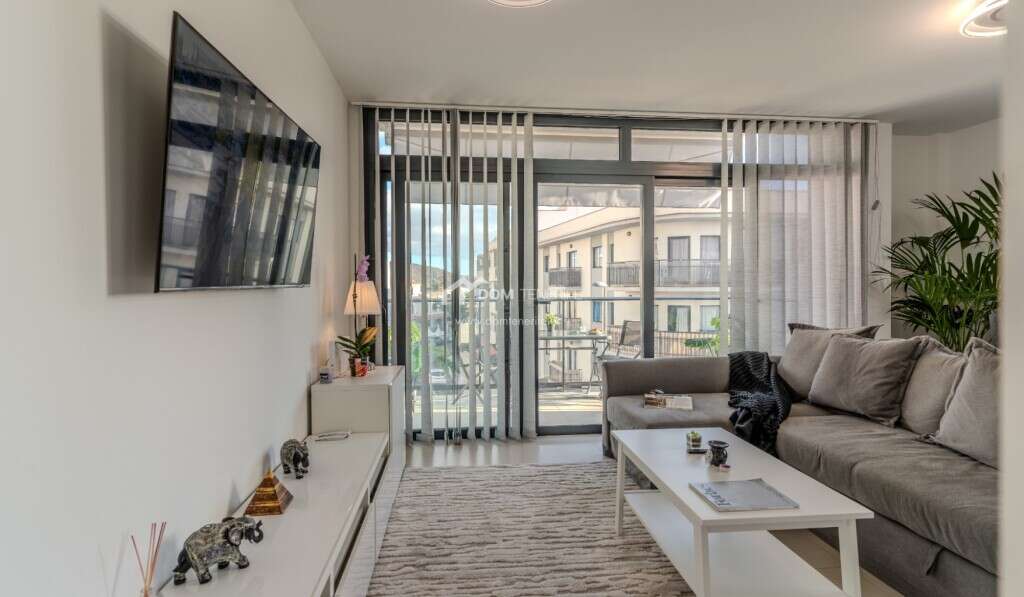 This elegant 71 m² flat is for sale, located in the modern residential complex "The Korner", an excellent opportunity in the heart of Adeje. The building is newly constructed and offers magnificent facilities, such as a communal swimming pool, lift and a communal roof terrace divided into private laundry rooms for each flat. The flat has been completely refurbished and comes fully furnished and equipped, with fans in all rooms, electric shutters and fitted wardrobes. The property has two spacious bedrooms, two full bathrooms and a bright living room designed for comfort and functionality. The private terrace with ocean and mountain views provides a peaceful atmosphere in one of the most sought-after areas in the south of Tenerife. Its location is unbeatable, with supermarkets, shops, cafés and restaurants just a few steps away, and only a 10-minute drive from the beaches of Costa Adeje. Also close to the El Galeón Nex Sport Club sports centre, it is ideal for those looking for quality services and activities. The price includes a parking space and a storage room, a much appreciated added value in this area. The property also has a valid holiday home licence and express permission for its use in accordance with the community statutes. With excellent connections to the southern motorway, this property combines modernity, comfort and a strategic location, making it an ideal choice for both a permanent residence and an investment. DOM Tenerife – buy safely!
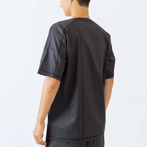 Black Out メッシュストレッチ ウーブンショートスリーブシャツ
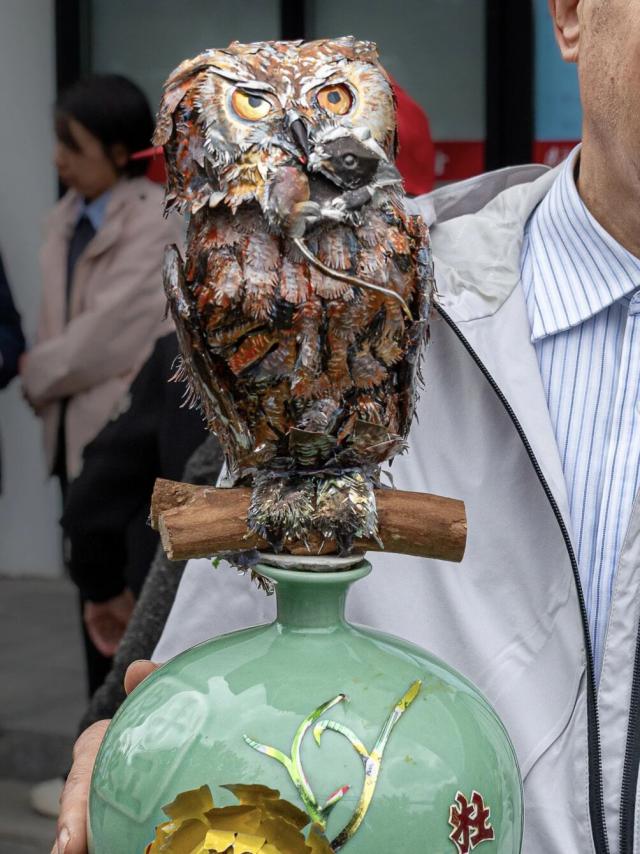 啟幕儀式上,精彩表演不斷。隴龍幼稚園的孩子們帶來活力開場(chǎng)舞,瞬間點(diǎn)燃現(xiàn)場(chǎng)氣氛。生態(tài)凌云“守藝人”志愿服務(wù)隊(duì)分組亮相:編織組與絲網(wǎng)花組用巧手制作花卉,裝點(diǎn)生活;布藝組展示了用布料創(chuàng)作的首飾與牡丹圖,融入海派文化元素,讓環(huán)保藝術(shù)更有內(nèi)涵;易拉罐組的爺叔們用廢棄易拉罐制作龍、穿山甲、貓頭鷹等擺件,部分作品還有機(jī)械裝置,活靈活現(xiàn)。
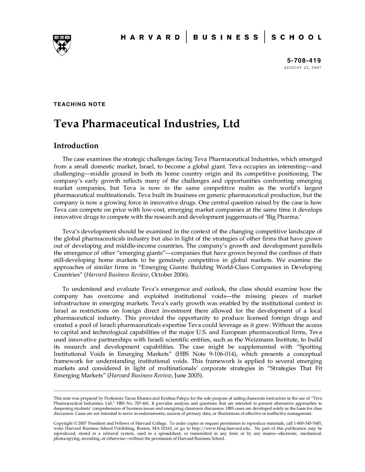 Business > CASE STUDY > Case Solutions/ Notes for Teva Pharmaceutical Industries, Ltd. By Tarun Khanna, Krishna Palepu, Claudine Deborah Madras

- The problem: Write out, with no pictures, only the lines from the line containing "Black Out メッシュストレッチ ウーブンショートスリーブシャツ" through the last line of the listing above, exactly and with both ends included.

- Reply to the task:
 Black Out メッシュストレッチ ウーブンショートスリーブシャツ
 啟幕儀式上,精彩表演不斷。隴龍幼稚園的孩子們帶來活力開場(chǎng)舞,瞬間點(diǎn)燃現(xiàn)場(chǎng)氣氛。生態(tài)凌云“守藝人”志愿服務(wù)隊(duì)分組亮相:編織組與絲網(wǎng)花組用巧手制作花卉,裝點(diǎn)生活;布藝組展示了用布料創(chuàng)作的首飾與牡丹圖,融入海派文化元素,讓環(huán)保藝術(shù)更有內(nèi)涵;易拉罐組的爺叔們用廢棄易拉罐制作龍、穿山甲、貓頭鷹等擺件,部分作品還有機(jī)械裝置,活靈活現(xiàn)。
 Business > CASE STUDY > Case Solutions/ Notes for Teva Pharmaceutical Industries, Ltd. By Tarun Khanna, Krishna Palepu, Claudine Deborah Madras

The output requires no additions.